Ten years ago, he entered the cryptocurrency field with only $50,000 in capital and started his trading career. Now, his assets have exceeded $50 million. He told me there is a very simple way to trade, but this method could lead to nearly all profits eroding, so you learn it slowly. First, there are three things we must avoid when trading.
First: Never buy when the price is high; we should be greedy when others are fearful, and fearful when others are greedy. We should train ourselves to buy when the price is low and make it a habit.
Second: Never use leverage.
Third: Never invest all your capital; full investment makes you too passive, and the market is never short of opportunities. The opportunity cost of investing all your capital is extremely high.
Now, I will tell you what he also said about the six main rules for short-term trading.
First, after a rise stabilizes, there is usually a new rise. After a decline stabilizes, there is usually another new decline, so we must wait until the trend direction becomes clear before taking any action.
Second, do not trade during sideways movement; most people lose money when trading because they cannot follow this simple rule.

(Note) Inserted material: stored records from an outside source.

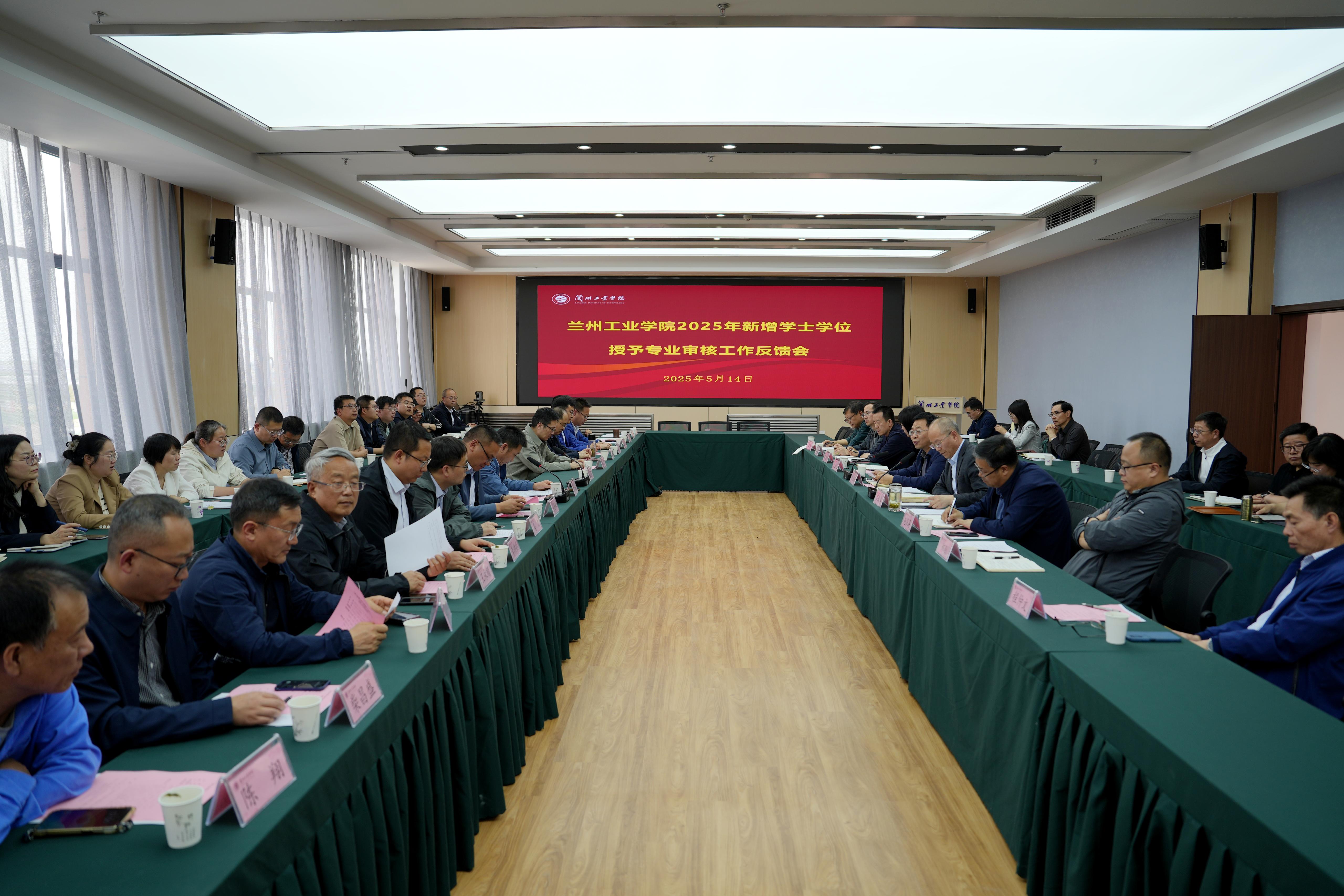 5月14日,以兰州交通大学张友鹏教授、兰州理工大学彭斌教授为组长的甘肃省学位委员会专家组一行16人来我校开展2025年新增学士学位授予专业审核工作。学校在行政楼231会议室召开专家反馈会,学校党委副书记、校长刘新辉出席反馈会并讲话,副校长罗均华主持会议。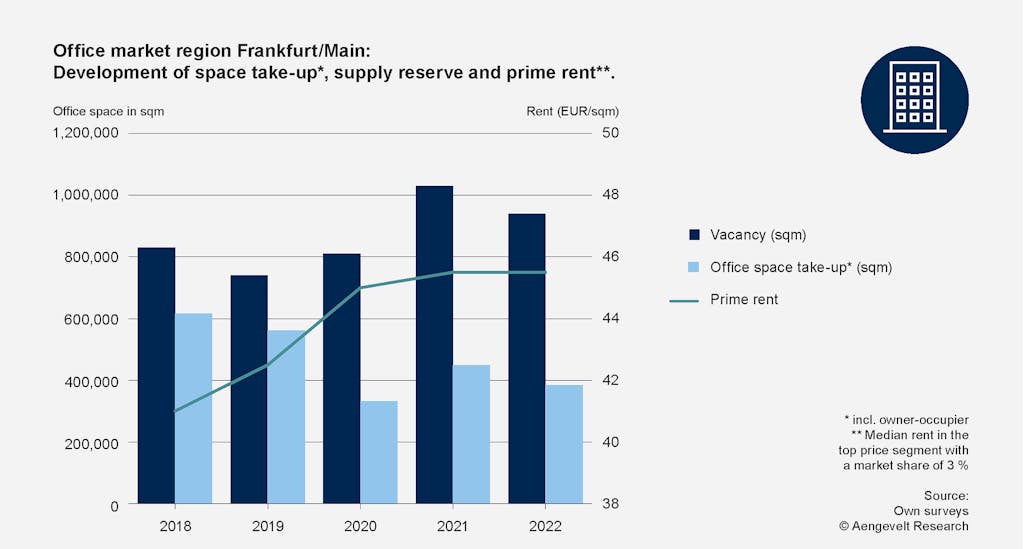 Office market region Frankfurt/Main: Development of space take-up, supply reserve and prime rent.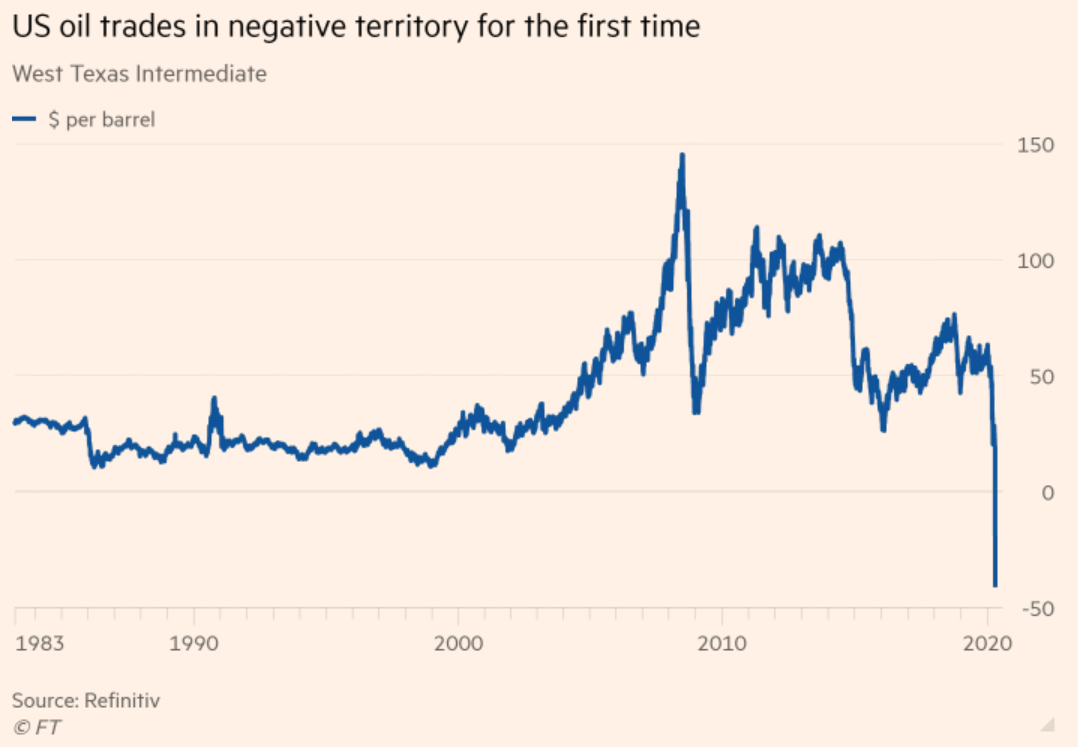 โดยปกติแล้วสัญญาซื้อขายน้ำมันล่วงหน้าจะตัดรอบทุกๆ สิ้นเดือน แต่ในช่วงปี 2020 นี้จะเห็นว่าราคาน้ำมันตกติดต่อกันมาเป็นเวลาหลายเดือนและไม่มีท่าทีว่าจะดีขึ้น แถมจำนวนน้ำมันคงคลังก็ไม่ลดน้อยไปเท่าไรนัก จึงทำให้บริษัทน้ำมันต่างๆ ตัดสินใจเทขายสัญญาก่อนหมดอายุลง และไม่ขยายการต่ออายุสัญญาเพราะเกรงว่าราคาน้ำมันจะตกลงไปมากกว่านี้ จนทำให้วันที่ปิดตลาดการซื้อขายสัญญา (20 เมษายน 2020) ราคาน้ำมันดิบ WTI ดิ่งลงสูงสุดถึง 300% โดยจากเดิมที่ราคาราว 17.85 ดอลลาร์ต่อบาร์เรล ร่วงลงไปอยู่ที่ -37.63 ดอลลาห์ต่อบาร์เรลภายในเวลาเพียงไม่กี่ชั่วโมงเท่านั้น ซึ่งก็นับว่าเป็นครั้งแรกในประวัติศาสตร์ที่ราคาน้ำมันตกลงจนถึงระดับนี้

Third, when selecting candles, you should buy when there is a bearish candle and sell when there is a bullish candle.
Fourth, when the decline slows down, the recovery also slows down; a rapid decline leads to a rapid recovery.
Fifth, building positions using the pyramid method; it is the only consistent principle in value investing.
Sixth, when cryptocurrencies continue to rise after a long period of decline, they will inevitably enter a sideways state. At this stage, there is no need to sell at the highest price or buy at the lowest price. After a period of accumulation, a trend change will definitely occur. If the price direction changes from its highest levels, we must liquidate our positions in a timely manner; in short, we must act quickly.